#### [INFORMATION]
---

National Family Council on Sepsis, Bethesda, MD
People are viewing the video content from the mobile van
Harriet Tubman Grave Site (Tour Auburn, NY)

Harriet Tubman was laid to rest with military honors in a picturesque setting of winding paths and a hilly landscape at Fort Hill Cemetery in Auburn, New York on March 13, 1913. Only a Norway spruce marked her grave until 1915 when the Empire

---

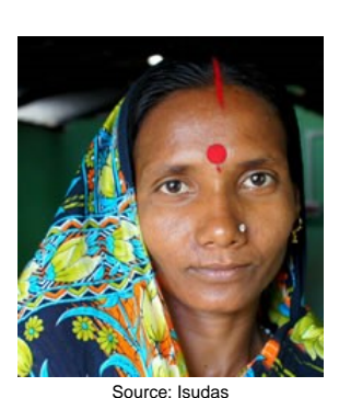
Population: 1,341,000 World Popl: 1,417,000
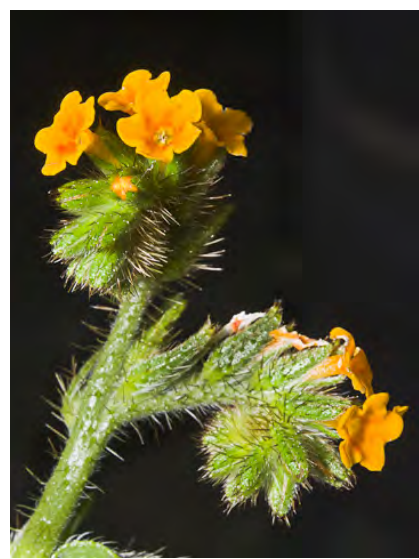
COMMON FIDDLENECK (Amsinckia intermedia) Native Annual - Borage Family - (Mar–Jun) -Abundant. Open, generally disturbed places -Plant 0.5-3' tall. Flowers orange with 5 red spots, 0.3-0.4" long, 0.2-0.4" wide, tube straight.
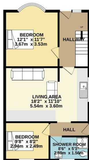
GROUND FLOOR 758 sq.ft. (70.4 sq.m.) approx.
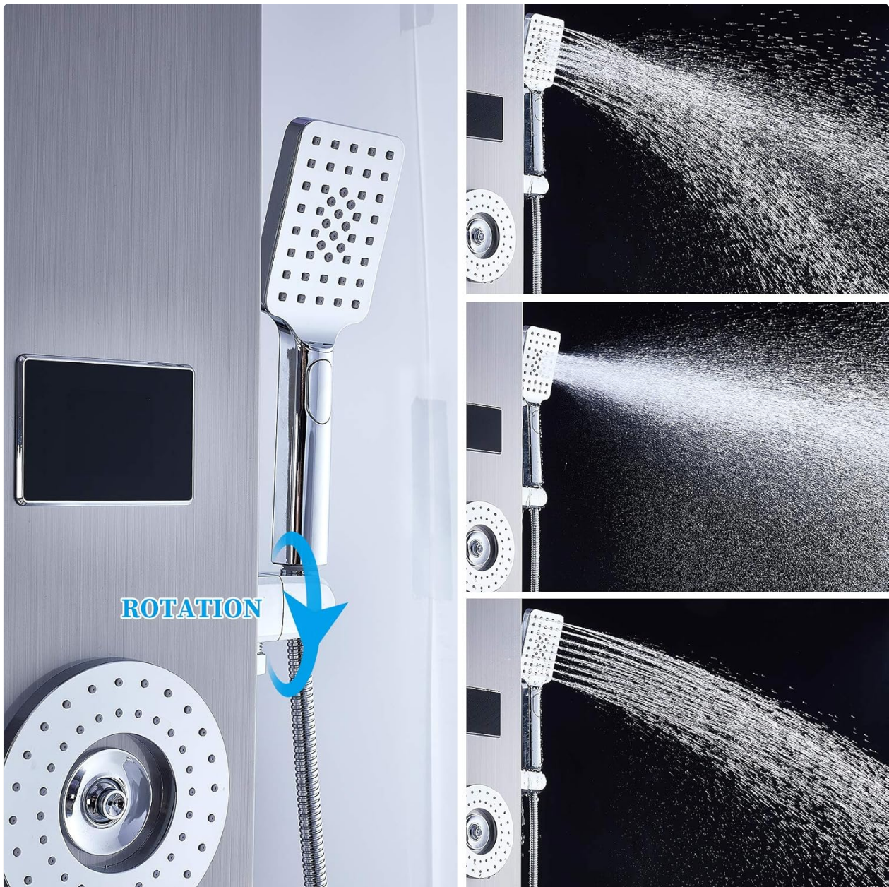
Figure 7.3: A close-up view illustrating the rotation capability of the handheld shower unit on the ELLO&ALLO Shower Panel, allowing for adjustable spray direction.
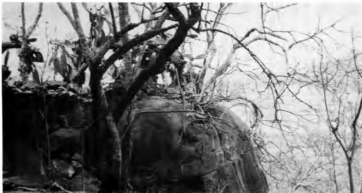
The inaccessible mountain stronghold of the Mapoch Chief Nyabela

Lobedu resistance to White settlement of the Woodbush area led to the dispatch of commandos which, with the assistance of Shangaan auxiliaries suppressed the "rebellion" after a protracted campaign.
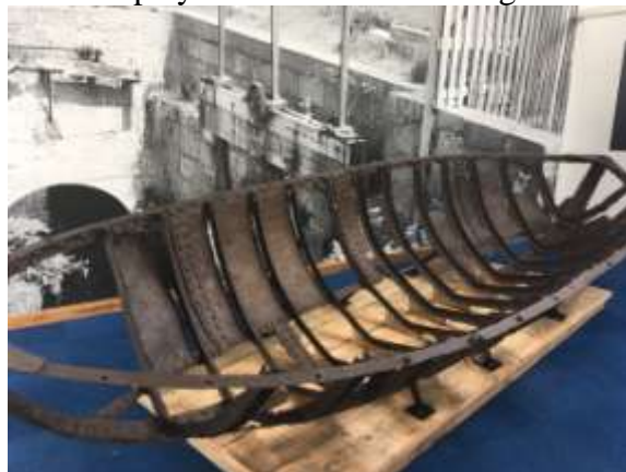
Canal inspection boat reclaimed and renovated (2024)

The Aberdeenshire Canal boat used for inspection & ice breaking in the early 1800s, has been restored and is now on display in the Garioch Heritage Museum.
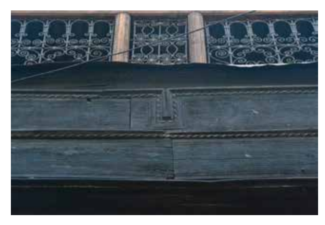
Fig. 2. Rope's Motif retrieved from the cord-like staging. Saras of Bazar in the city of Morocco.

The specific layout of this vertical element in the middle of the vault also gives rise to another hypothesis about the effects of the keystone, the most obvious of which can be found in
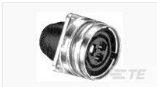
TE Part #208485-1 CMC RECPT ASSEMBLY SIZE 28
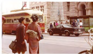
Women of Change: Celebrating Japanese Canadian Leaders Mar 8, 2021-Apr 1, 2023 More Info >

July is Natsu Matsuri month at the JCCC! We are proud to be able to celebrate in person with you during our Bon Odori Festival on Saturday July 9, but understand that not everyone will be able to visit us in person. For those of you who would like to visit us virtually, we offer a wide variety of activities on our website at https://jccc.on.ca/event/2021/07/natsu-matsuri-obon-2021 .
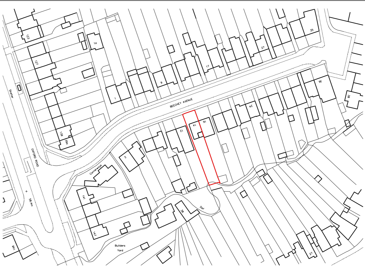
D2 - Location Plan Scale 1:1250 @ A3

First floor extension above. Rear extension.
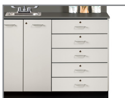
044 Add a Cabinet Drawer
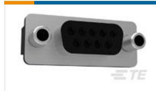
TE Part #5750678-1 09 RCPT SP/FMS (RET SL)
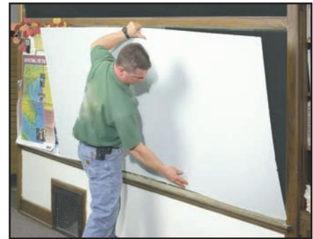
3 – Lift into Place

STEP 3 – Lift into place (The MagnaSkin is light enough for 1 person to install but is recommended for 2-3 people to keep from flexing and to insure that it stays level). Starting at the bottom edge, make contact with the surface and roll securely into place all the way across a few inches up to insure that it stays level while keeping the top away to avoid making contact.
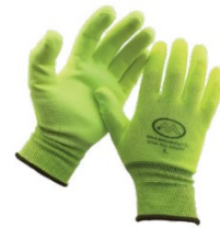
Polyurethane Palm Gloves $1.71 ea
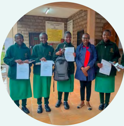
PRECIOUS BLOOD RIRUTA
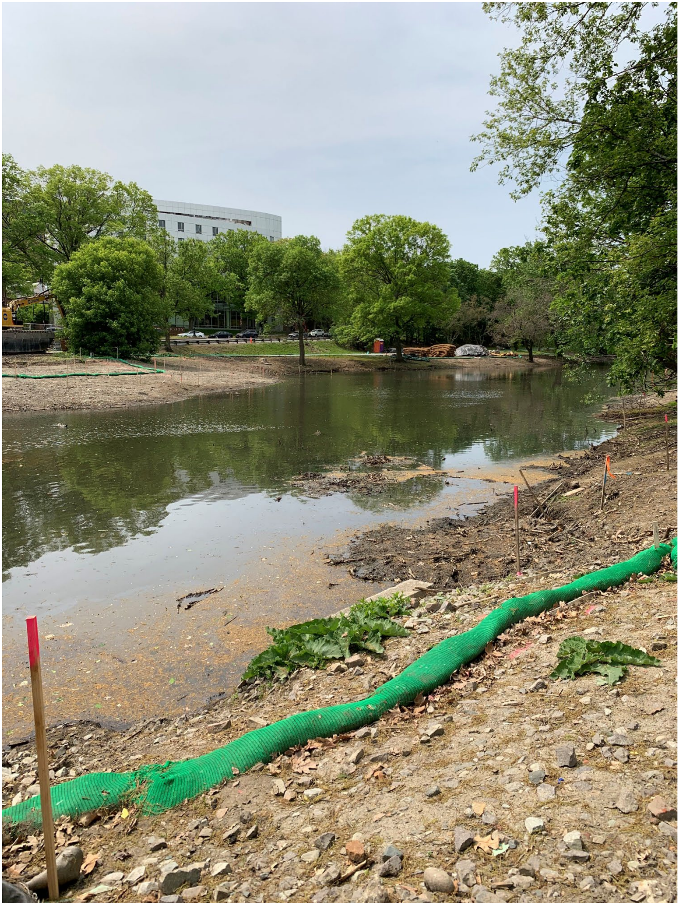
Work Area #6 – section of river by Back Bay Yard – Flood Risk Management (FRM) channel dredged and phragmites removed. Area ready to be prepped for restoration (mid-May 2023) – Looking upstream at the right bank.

---

#### [WHAT IS BEING ASKED]
Above is the material; set down exactly its lines from the one containing "PRECIOUS BLOOD RIRUTA" down to the one containing "Work Area #6", both included, leaving out any pictures.

#### [COMPLETED TASK]
PRECIOUS BLOOD RIRUTA
Work Area #6 – section of river by Back Bay Yard – Flood Risk Management (FRM) channel dredged and phragmites removed. Area ready to be prepped for restoration (mid-May 2023) – Looking upstream at the right bank.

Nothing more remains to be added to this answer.